[Records from a data collection]
Content starts
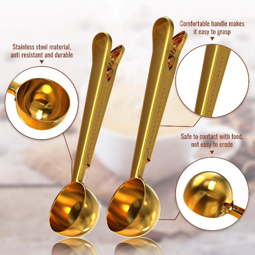 Kẹp muỗng cà phê 2.2 trong 1 - Muỗng gấp đôi như một kẹp niêm phong được làm bằng lò xo chắc chắn và thép không gỉ cấp thực phẩm để giữ cho túi cà phê luôn đóng chặt và tươi ngon . Muỗng chức năng kép đảm bảo các lượng cà phê bằng nhau Mỗi lần.
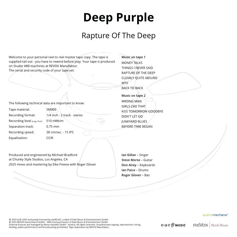 The remastered version takes the band's powerful sound, brilliant instrumentation and captivating dynamics to a new level on reel to reel tape.
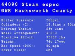GWR Hawksworth County 4-6-0 Engine Spec. Created using the universal engine spec spreadsheet by Bill Fock.
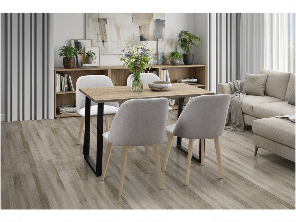 Jídelní set se skládá ze stolu o rozměru 120x80 cm s kovovými nohami a čtyř židlí z masivního dřeva v kombinaci s čalouněným sedákem. Tento jídelní set se stane středobodem vaší jídelny.
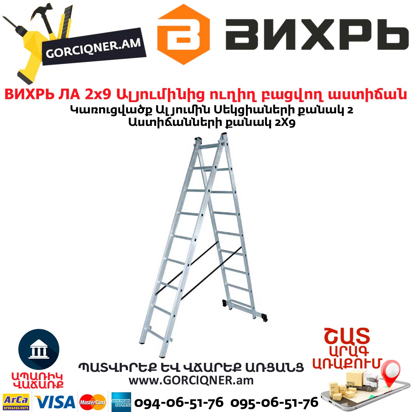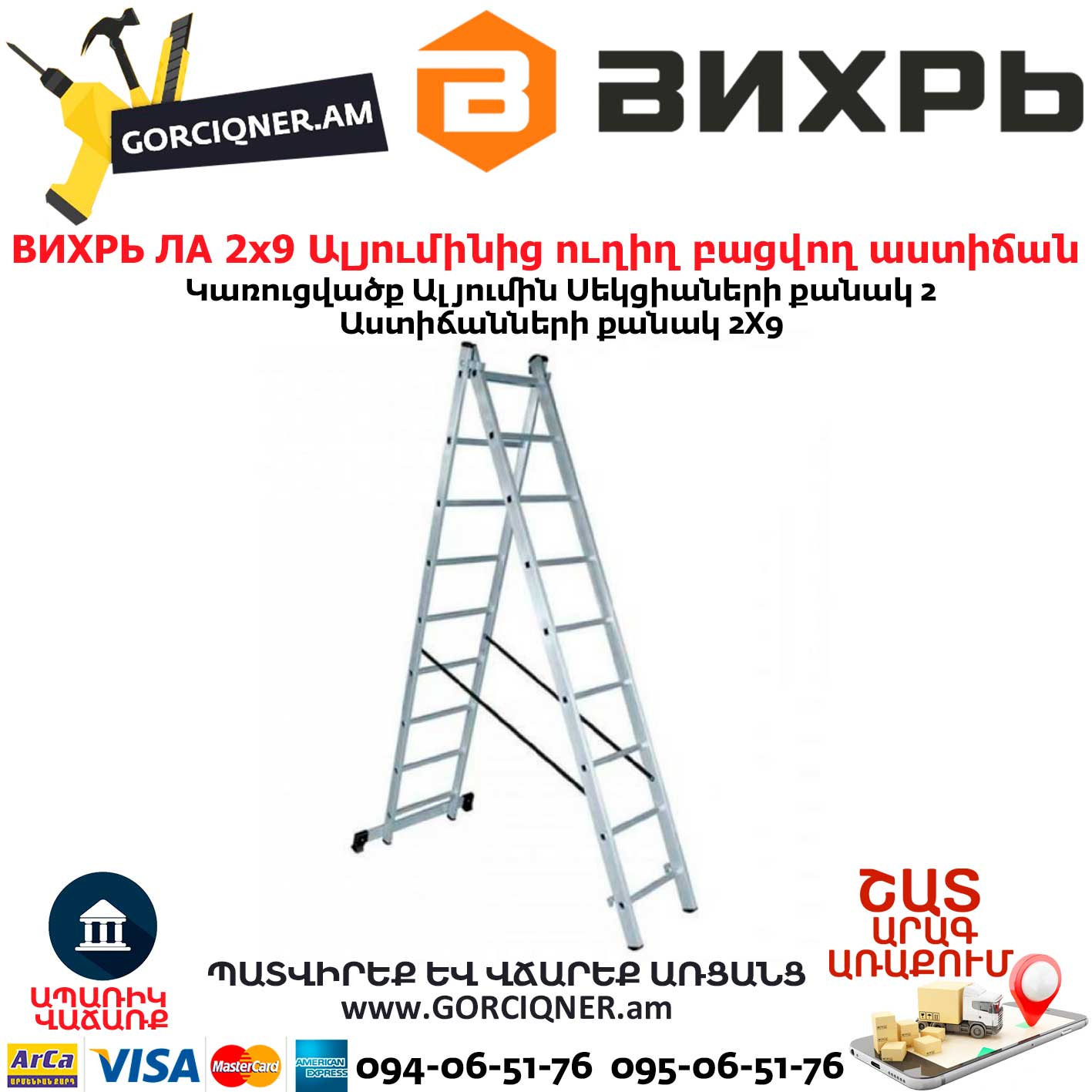ВИХРЬ ЛА 2х9 Ալյումինից ուղիղ բացվող աստիճան
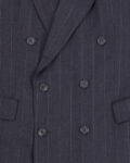 Двубортный пиджак в тонкую полоску. Пиджак от выполнен из 100% шерсти, отмечен знаком woolmark. Посадка прямая, с чёткой линией плеч. Двубортная конструкция и классические лацканы.
Content ends
* Work to complete
Please output each line above exactly and omit all images.

* Response to this task
 Kẹp muỗng cà phê 2.2 trong 1 - Muỗng gấp đôi như một kẹp niêm phong được làm bằng lò xo chắc chắn và thép không gỉ cấp thực phẩm để giữ cho túi cà phê luôn đóng chặt và tươi ngon . Muỗng chức năng kép đảm bảo các lượng cà phê bằng nhau Mỗi lần.
 The remastered version takes the band's powerful sound, brilliant instrumentation and captivating dynamics to a new level on reel to reel tape.
GWR Hawksworth County 4-6-0 Engine Spec. Created using the universal engine spec spreadsheet by Bill Fock.
 Jídelní set se skládá ze stolu o rozměru 120x80 cm s kovovými nohami a čtyř židlí z masivního dřeva v kombinaci s čalouněným sedákem. Tento jídelní set se stane středobodem vaší jídelny.
ВИХРЬ ЛА 2х9 Ալյումինից ուղիղ բացվող աստիճան
 Двубортный пиджак в тонкую полоску. Пиджак от выполнен из 100% шерсти, отмечен знаком woolmark. Посадка прямая, с чёткой линией плеч. Двубортная конструкция и классические лацканы.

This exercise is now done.